ENGINE PERFORMANCE OPTIMIZING METHOD FOR NATURAL GAS VEHICLE ACCORDING TO INGREDIENTS OF GAS}

The present invention relates to a vehicle using natural gas, and more particularly, to a method for optimizing engine performance according to fuel components of a natural gas vehicle.

In general, a compressed natural gas vehicle is a vehicle that uses natural gas as fuel, and the fuel cost is low, and since the mixer is in a gas state, it is uniformly distributed to each cylinder, and harmful emissions such as graphite, sulfur oxides, carbon monoxide, etc. There is an advantage that can be greatly reduced.

Looking at the recent trends, development of alternative fuels that can be used to replace gasoline or diesel used as fuel for general vehicles is being actively developed, and among them, natural gas using compressed natural gas (CNG) as a fuel Research on gas vehicles is being actively conducted.

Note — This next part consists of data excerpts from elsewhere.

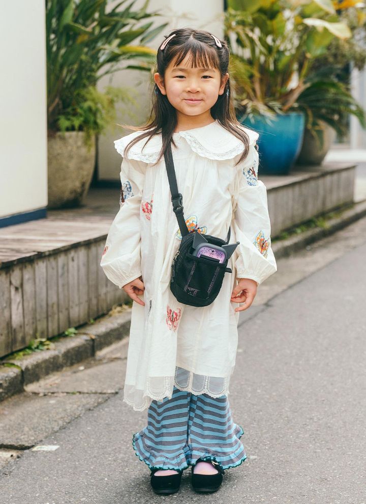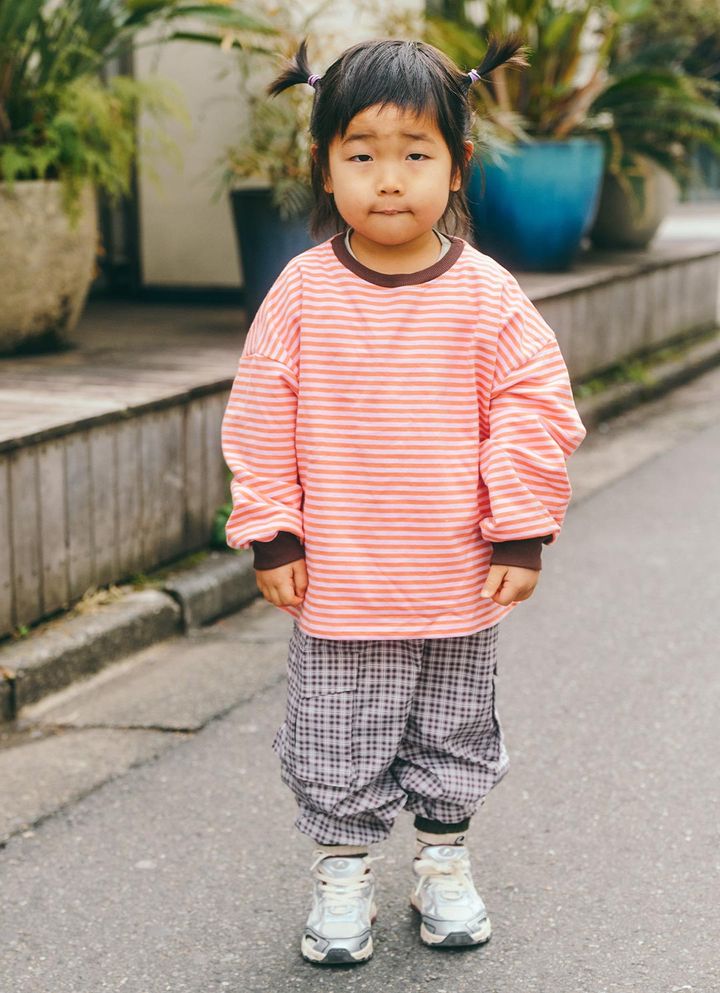 オーバーサイズがこなれ感あるキッズコーデ。柄オン柄の組み合わせも春カラーで揃えることで、まとまり見えが叶う。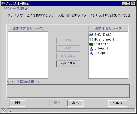 [設定できるリソース]一覧から、クラスタサービスで使用する、RDBシステムおよびアプリケーションなどのリソースを選択し、[設定するリソース]一覧に追加します。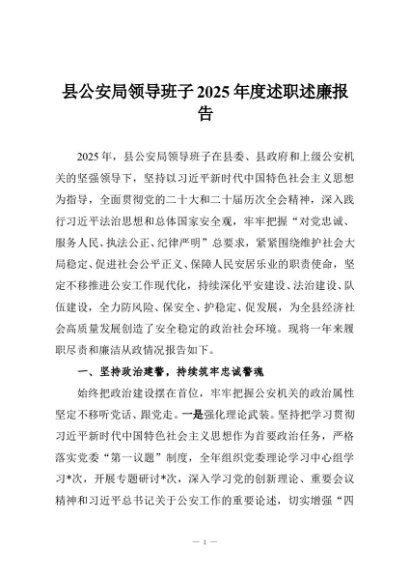 / 【七哥公文】2025年:县公安局领导班子2025年度述职述廉报告+更多免费公文+VX:QiGeGongWen2024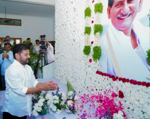 Mahabubabad, Feb 22 (TNT) : Telangana Chief Minister Revanth Reddy paid tributes to Raghavender Reddy, father of Congress state leader Vennam Srikant Reddy and Big TV Chairman Vennam Vijay Kanth Reddy, at Reddyyal village in the district on Sunday.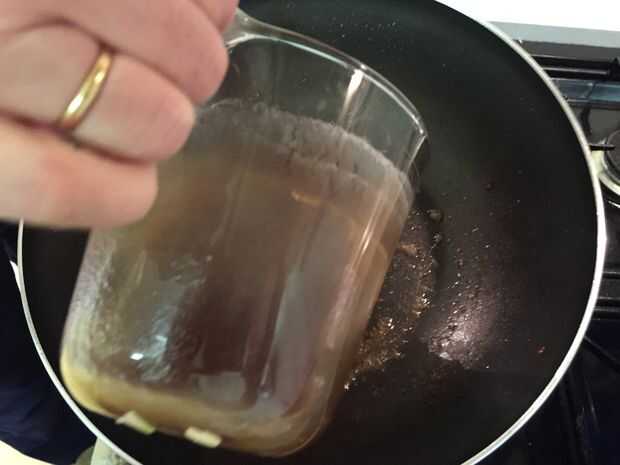 Verter en la salsa. Preparado a partir de un granulado, mezcla o stock. Sobre una pinta medio debería ser suficiente.
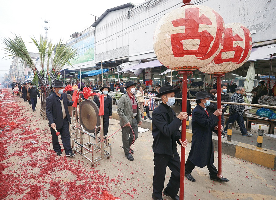 “接燈”的隊伍敲著鑼鼓,舞著獅子,放著鞭炮。

On the other hand, natural gas is produced all over the world, and because of its fuel characteristics, it is a fuel that is not refined and used like petroleum-based fuels, so the chemical composition of natural gas fuel is quite different in region, and it is almost impossible to keep it constant. Do.

Due to the characteristics of the natural gas fuel, the difference in the theoretical air-fuel ratio for each natural gas also changes by about 15 to about 20, and the general theoretical air-fuel ratio is about 17.

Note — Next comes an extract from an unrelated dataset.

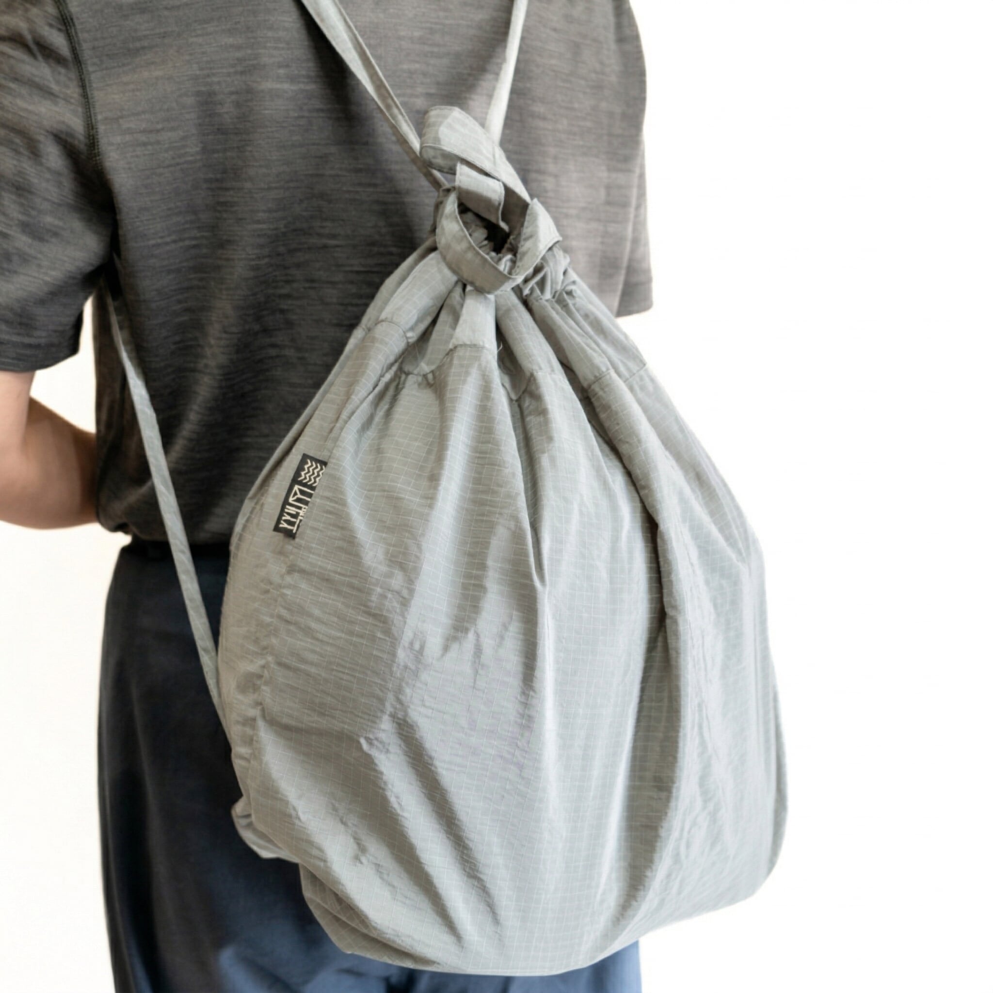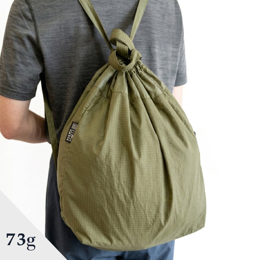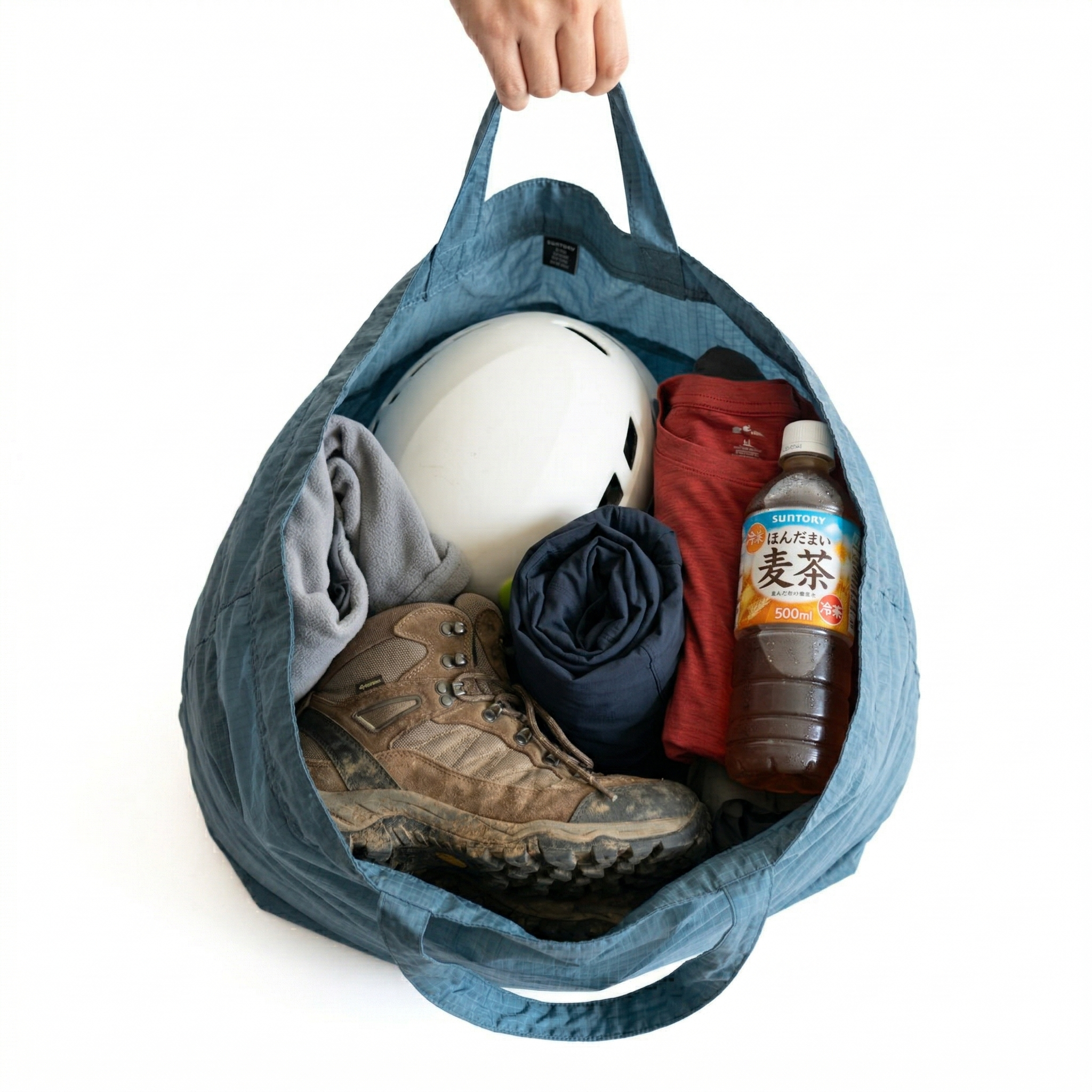 モノフィラメント・リップストップ素材で手提げ、背負うの2way仕様のトートバッグです。登山靴、スキーブーツ、トレイルランニングシューズ、着替え、ヘルメット、日帰り登山ザック、トレイルランニングザック一式を収納できる大きなサイズのトートバッグです。

In this way, although the theoretical air-fuel ratio should be different because natural gas varies according to the region of production, in the conventional natural gas vehicle, the engine controller is configured to adjust the amount of fuel according to the initial mapping set based on the theoretical air-fuel ratio of a specific natural gas. Since the control of the natural gas component changes there is a problem that can not maintain the engine performance at the time of the initial mapping.

Accordingly, an object of the present invention is to solve the above-mentioned problems, and by applying the fuel amount control map according to the air-fuel ratio change due to the change in the component of natural gas, the optimum engine performance in spite of the change of the natural gas component. The present invention provides a method for optimizing engine performance according to fuel components of a natural gas vehicle that can maintain the fuel cell.

1 is a block diagram of a natural gas vehicle according to an embodiment of the present invention.

2 is a flowchart of a method of optimizing engine performance according to fuel components of a natural gas vehicle according to an exemplary embodiment of the present invention.

The present invention as a means for achieving the above object in the method for optimizing the engine performance according to the fuel component in a vehicle using natural gas as fuel, setting a plurality of fuel amount control map that can be applied according to the fuel component, Setting a specific map among the set maps as a base map; Detecting an engine status and an Exhaust Gas Oxygen (UEGO) sensor output; Comparing the UEGO sensor output with the set basic map related value; Selecting another map from among the plurality of fuel amount control maps instead of the base map when the UEGO sensor output exceeds a range of the base map related value; Selecting another map among the plurality of fuel amount control maps instead of the base map when the UEGO sensor output falls below the range of the base map related value; And controlling the fuel amount according to the detected engine state using the selected map.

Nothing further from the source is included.